CSU, Donald Trump und Burka-Verbot: Wie geht es uns, Herr Küppersbusch?
Ein Klacks Mayonnaise, Schweinefleisch und polizeiliche Ermahnungen gegen Clowns. Außerdem: Söder entdeckt seinen grünen Daumen.
t az: Herr Küppersbusch, was war schlecht vergangene Woche?
Friedrich Küppersbusch: Saure-Gurken-Zeit.
Und was wird besser in dieser?
Klacks Mayonnaise.
CSU-Chef Markus Söder scheint seinen grünen Daumen entdeckt zu haben. Er fordert, den Klimaschutz als Staatsaufgabe im Grundgesetz zu verankern. Ist Söder jetzt grüner als die Grünen?
Söder brilliert in der klassischen CSU-Tugend von Tusch & Vertusch: Hinterm wuchtig orchestralen Auftakt „Klimaschutz ins Grundgesetz“ querflötet es leise: Keine Kerosinsteuer, keine CO2-Steuer. Umweltschutz allgemein steht bereits seit 1994 in der Verfassung; man kann da noch viel hinzufügen, bis die Schwarte dicke Backen macht. Dem CSU-Vorschlag, die Mehrwertsteuer auf Bahntickets zu senken, stand bisher im Wesentlichen die CSU entgegen. Sie verwest seit vier Ministern das Verkehrsministerium, dort wurde der grüne Vorschlag stets abgelehnt. Man kann den Bayern zugute halten, dass sie schnell lernen – das erste Umweltministerium Europas richtete 1970 CSU-Mann Streibl ein. Gut: Man kann die CSU an ihren lauten Ansprüchen messen. Schlecht: Man muss die CSU an ihren lauten Ansprüchen messen.

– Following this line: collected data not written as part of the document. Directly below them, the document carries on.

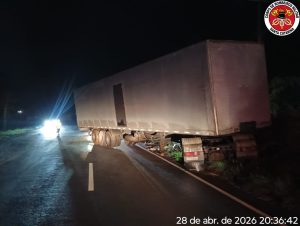De acordo com as informações repassadas pelo OBM de Lebon Régis, tratava-se de uma saída de pista envolvendo um caminhão Mercedes-Benz Axor, de cor branca. O veículo era conduzido por um homem de 33 anos, que foi encontrado deambulando no local, consciente e orientado.
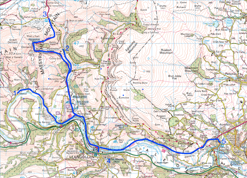 The first prong on each journey is north west of Llangollen to the tiny hamlet of Rhewl (see map above). I understand this is served by an off peak shopping return journey operated by the Council’s Community Bus on two days during the week so these four extra journeys on a Saturday are a real bonus for the handful of people who live here.
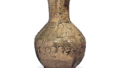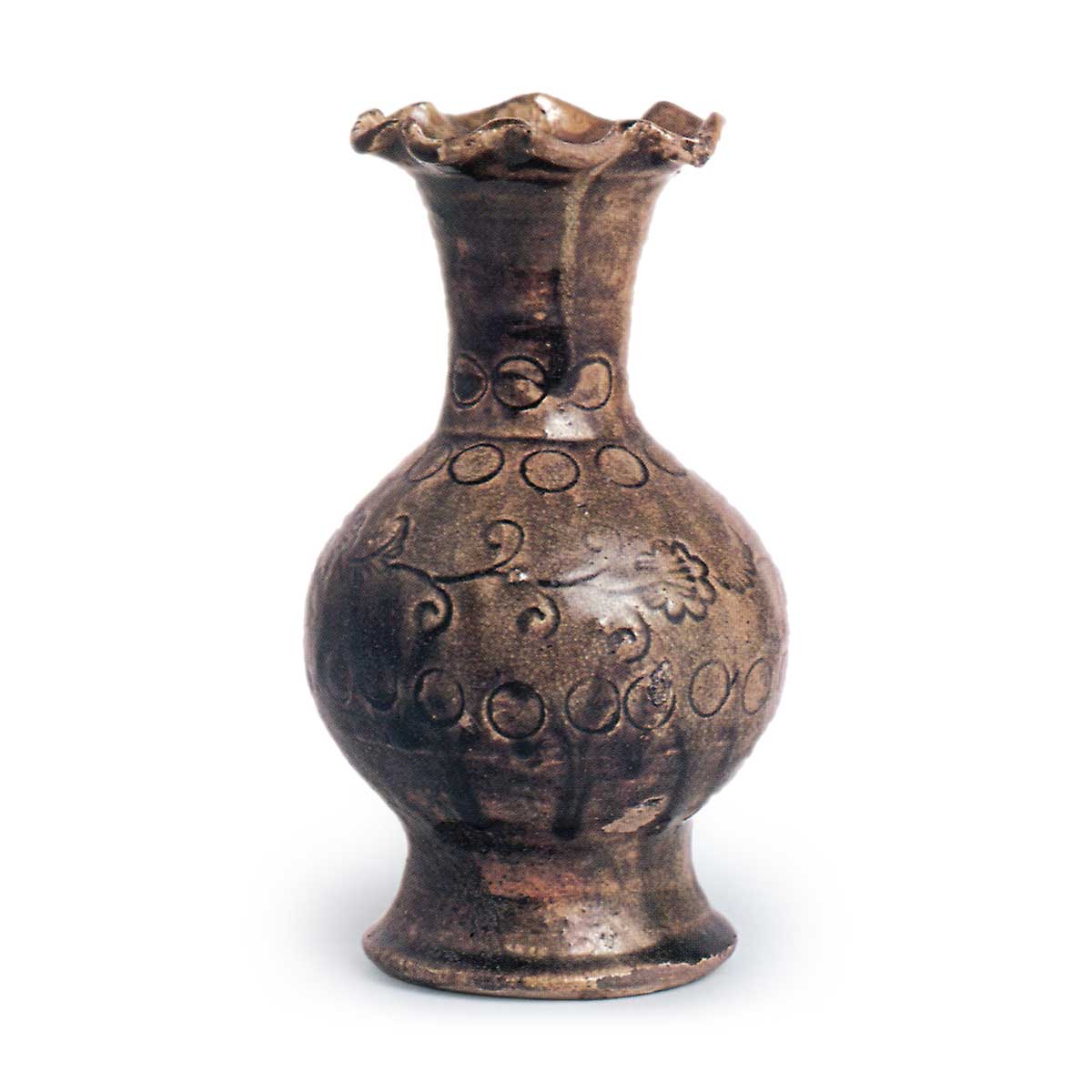 瀬戸铁釉印花花卉花瓶 日本瀬戸铁釉印花花卉花瓶 2025.02.24 瀬戸铁釉印花花卉花瓶 14世纪高21.4厘米,直径9.3厘米,瓶身直径12.0厘米,底座直径9.2厘米名古屋市博物馆通常被称为长型花瓶,这是一种佛教花瓶。它是一个大花瓶,有一个百合花形的嘴和一个低矮的底座。印花图案由嘴底部和身体上下部分的圆形图案组成,中间是山茶花图案,由蔓藤花纹连接。铁釉呈蓝黑色。
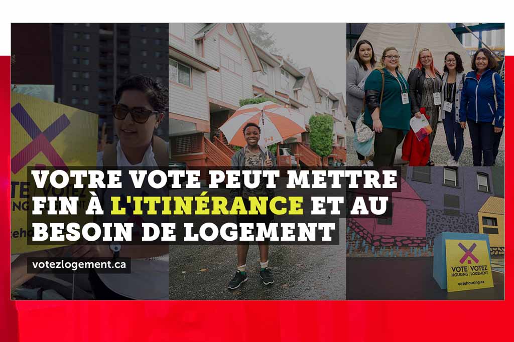 Adaptation et traduction vers le français de textes et de narrations pour la campagne Votez logement visant à inciter les partis politiques fédéraux à s’engager à prendre des mesures pour lutter contre l’itinérance et résoudre la crise du logement.
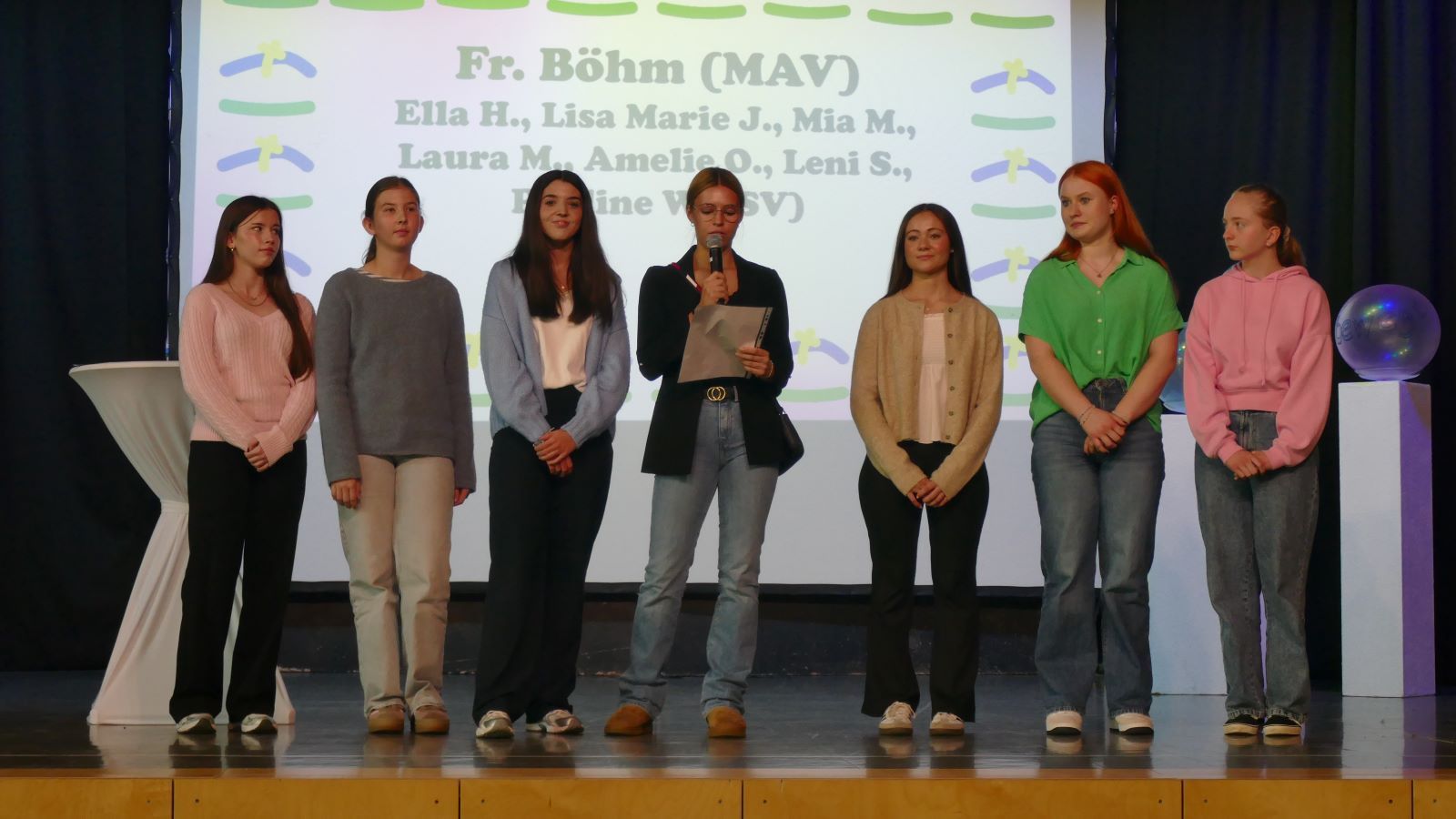 Die sieben frisch gewählten Schülersprecherinnen gratulierten abschließend ebenfalls ihrer Schule und setzten, wie sie betonten, ein Zeichen für die Zukunft. Sie überreichten den beiden Rektorinnen der zwei Schulzweige, Sr. M. Gabriele Schreck und Frau Rasine Luß einen Apfelbaum, auf dass die Schulgemeinschaft weiterwachse, wie dieser Baum und reiche Früchte trage. „Auf die nächsten 80 Jahre!“
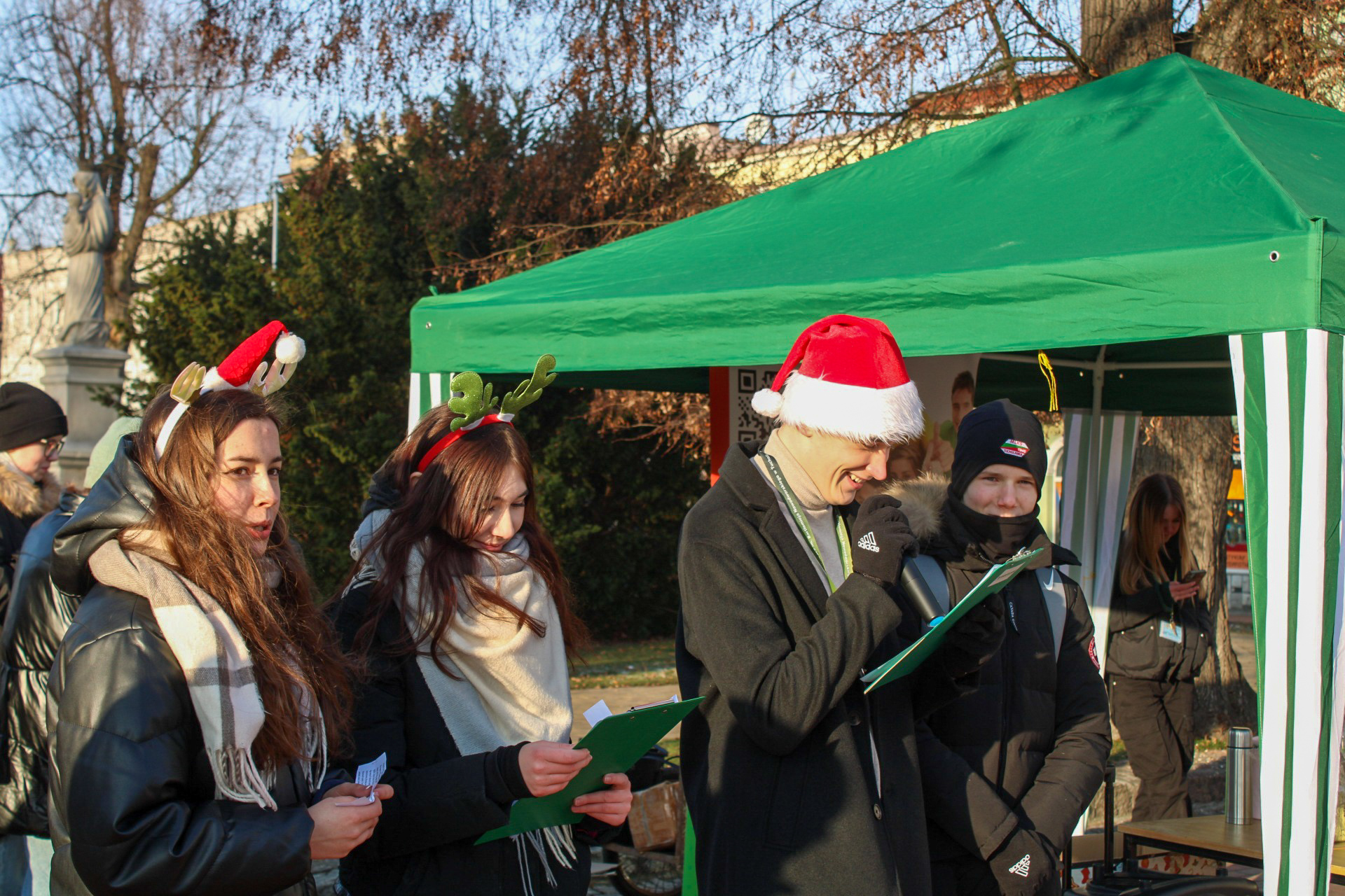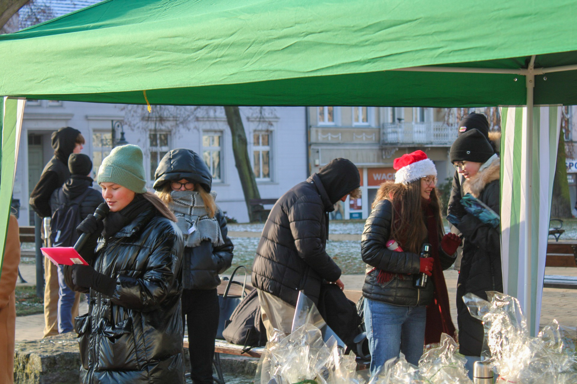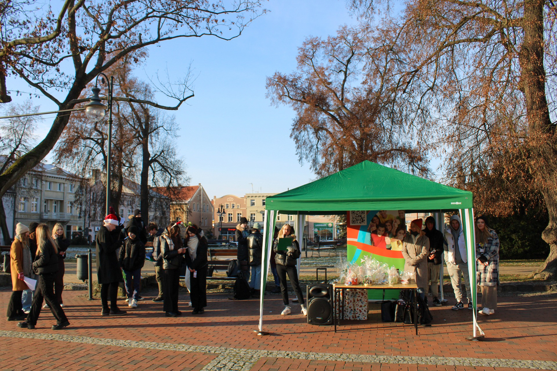 Uczniowie Nowodworka w centrum Tucholi częstowali mieszkańców słodkościami, składali życzenia, czytali fragmenty „Opowieści wigilijnej ” i śpiewali utwory w klimacie Świąt Bożego Narodzenia.
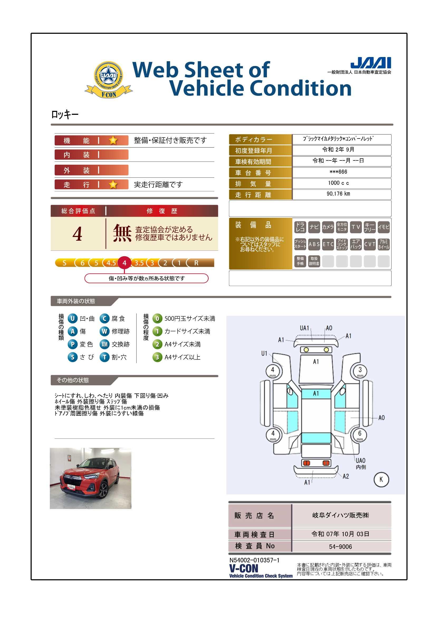 現状の車両の状態に関しましては必ず販売店に確認をお願いします。(2008年10月からの評価基準改定により、一部の車両につき店頭の評価表記と違う場合がございます。詳しくは販売店にお問い合わせください。
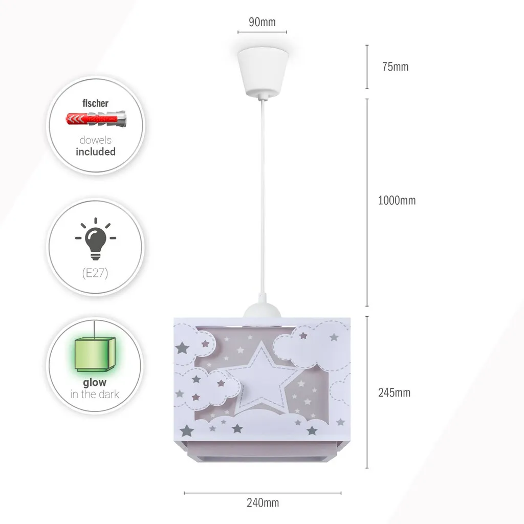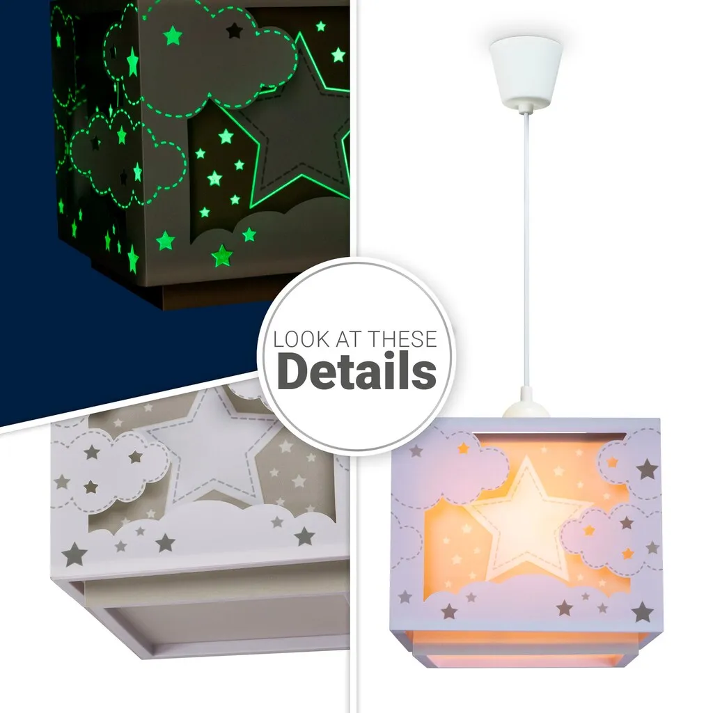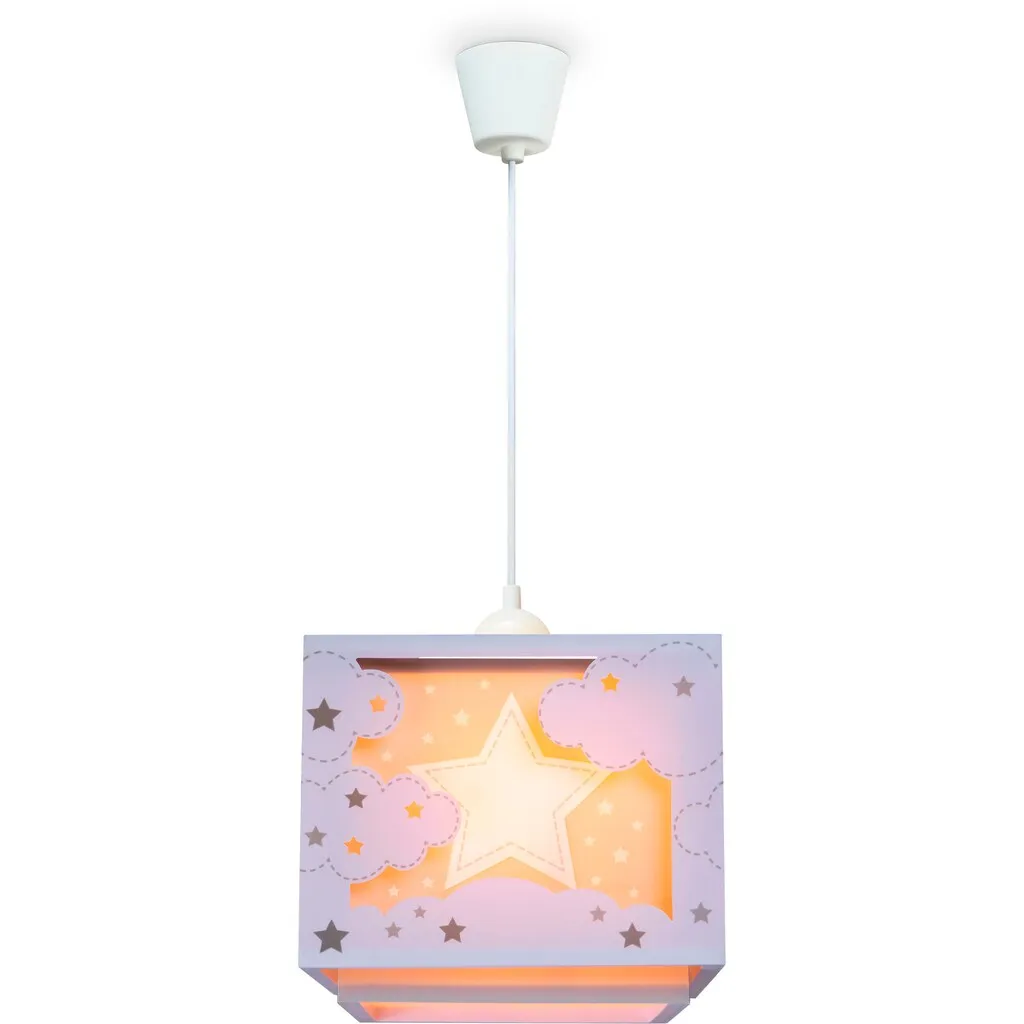 ВНЕШНИЙ ВИД - Этот модный подвесной светильник из высококачественных материалов впечатляет сдержанными цветовыми вариациями и уютным, игривым звездным мотивом. СТИЛЬ - С детским мотивом и мягким светом светильник создает в любой детской комнате волшебную атмосферу. МАТЕРИАЛ - Легкий и прочный, изготовленный из устойчивого пластика, этот светильник выдерживает даже самые бурные игры. ДЕТАЛИ - Одноламповый, с цоколем E27, позволяет использовать любую лампу E27 мощностью до 15 Вт.
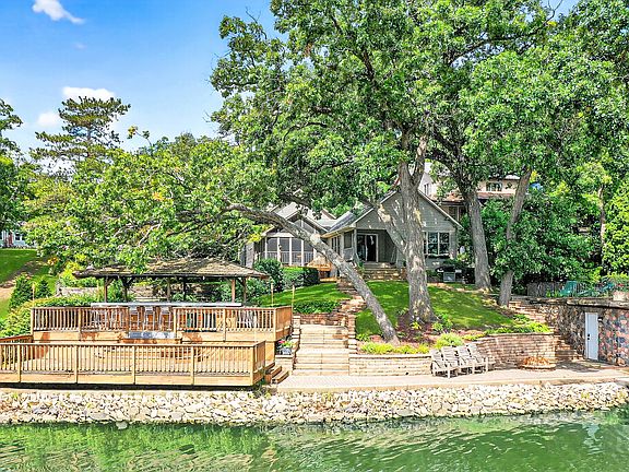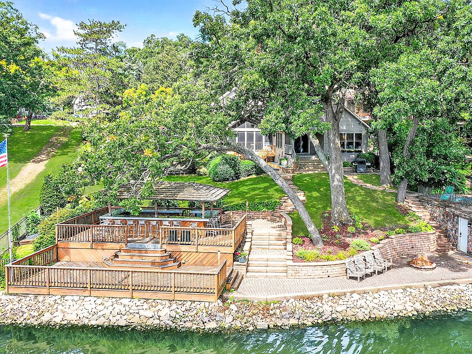 Welcome to your dream lakefront retreat, presented with a rare opportunity to own the iconic Tiki Bar Lake House! Nestled along the shores of the largest private lake in the entire state, this stunning property offers the perfect combination of serene natural beauty and prime entertainment space on a DOUBLE LOT connected to private sandy beach access, a massive tiki bar surrounded by a 2-tiered deck, sunbathing rooftop above the boat house, screened-in porch, fully stocked basement bar, and private movie theater. Imagine waking to the tranquil waters, the sun glistening off the shoreline, and knowing both beach and boat access are yours, within a community where families thrive, wildlife flourishes, and recreation is a part of daily life. Whether you are fishing for walleye, enjoying a sailboat race, professional water-ski show, or simply sharing sunset views from your deck, this lakefront home is an invitation to make Wonder Lake your everyday paradise. Enter through the front foyer into an open floor plan filled with natural light from large windows that bring the panoramic lake views right into your home. The updated kitchen is designed for both style and function, while the cozy living room with its warm ambiance is ideal for gathering with family and friends with an extension of entertainment space on the attached screened-in porch. The primary suite offers breathtaking views of the lake, has a private bathroom with an oversized spa-like steam shower, and a 9x9 walk-in closet. The finished basement has potential for a 3rd bedroom if needed and a theater room where your private cinema awaits. Escape to your own high-tech, soundproofed space equipped with state-of-the-art surround sound and massive projection screen for the ultimate movie night or epic sporting events while the tiered seating ensures every guest has the best view in the house. Another highlight of the basement is the stunning log cabin bar where rustic charm meets modern function crafted with rich-toned wood throughout, giving a cozy log cabin feel with the high-end functionality of a commercial establishment having its own built-in coolers, restaurant style ice-maker, mini fridge, and surround sound speaker system within the walls and ceiling. In the back yard, experience the ultimate in lakeside living with the extraordinary outdoor bar and deck. The professional-grade bar is a focal point for entertaining, complete with ample counter space for serving guests. Descend from the main level to a spacious lower deck that flows naturally toward the water's edge, offering easy access for lakeside activities. Custom features, including built-in speakers, tiki torches, refrigerated commercial coolers and deep sink, ensure a comfortable and inviting atmosphere that comes to life after sunset. This property is perfect for hosting memorable parties, intimate gatherings, or simply enjoying a tranquil sunset over the water. The additional boat house is perfect for storage and has rooftop access for sunbathing. The wide driveway allows for boat/trailer parking with additional parking space on the gravel to the right of the driveway. Wonder Lake spans nearly 840 acres and offers 7 miles of shoreline providing ample opportunity for boating, swimming, and water sports with a maximum depth of 14 feet, ideal for a variety of water activities. A major dredging effort in 2015 removed mass amounts of sediment to enhance the depth and water quality adding roughly 100 acres of cleaner, deeper water. The Wonder Lake Yacht Club hosts regular sailboat races, and the Water Ski Show Team performs nationally award-winning shows every summer. Whether you are looking for a forever home, vacation home, or investment property for Airbnb/Vrbo short-term rentals, this property offers it all!
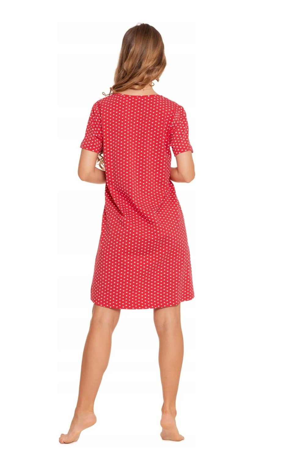 Dámská bavlněná noční košile MORAJ s krátkým rukávem a kulatým výstřihem zdobená tiskem drobných bílých srdíček na červeném základě. Noční košile je v délce ke kolenům.

Donald Trump attackierte auf Twitter den Schwarzen Demokraten Elijah Cummings und hetzte gegen die Stadt Baltimore. Die Rassismusvorwürfe gegen Trump werden wieder lauter. Wird es jemals Konsequenzen geben?
Randy Newmans Songdenkmal „Baltimore“, wo man betrunken auf dem Bürgersteig liegt, weil die Stadt untergeht, stammt von 1977. Seither regierten Republikaner 22 Jahre das Land, da hätte man etwas machen können. Doch Trump ist ein Virtuose des „negative campaigning“. Vom Publikum ließ er sich weitere Schmähungen vorschlagen und versprach, die Fakten nachträglich prüfen zu lassen. Ihm geht es darum, Amerikas Rassisten zu zeigen, dass er einer von ihnen ist, und diesen dreckigen Job dem politischen Gegner zu überlassen. Die klügere Antwort wäre also „Trump ist sogar zu dumm, Rassist zu sein“, doch das ist einen Dreh zu kompliziert für Wahlkampf.
In den Niederlanden trat das Burkaverbot in Kraft. Dieses greift in Ämtern, Kliniken und öffentlichen Verkehrsmitteln und brachte ein Echo der Empörung mit sich – zu Recht?
In Österreich führte das Burkaverbot zu polizeilichen Ermahnungen für Clowns und lustigen Werbehäschen. In Holland betrifft das Gesetz nach einer Studie der Gesellschaftswissenschaftlerin Annelies Moors etwa 100 notorische und 400 gelegentliche Burkaträgerinnen. Die Studie der Uni Amsterdam stammt von 2009, denn die Debatte begann bereits 2005 mit einer Initiative des Rechtspopulisten Geert Wilders. Ein Mann, dem man das Recht auf jederzeitige Gesichtsverschleierung nicht bestreiten möchte. Reizvoll wäre, nun zu untersuchen, ob die Zahlen unter dem Eindruck der Debatte anstiegen unterdes. Bevor Weidel, Klöckner und die CSU unter einem Schleier von Feminismus und Menschenrecht die Hackfresse der Intoleranz ins Haus schleppen.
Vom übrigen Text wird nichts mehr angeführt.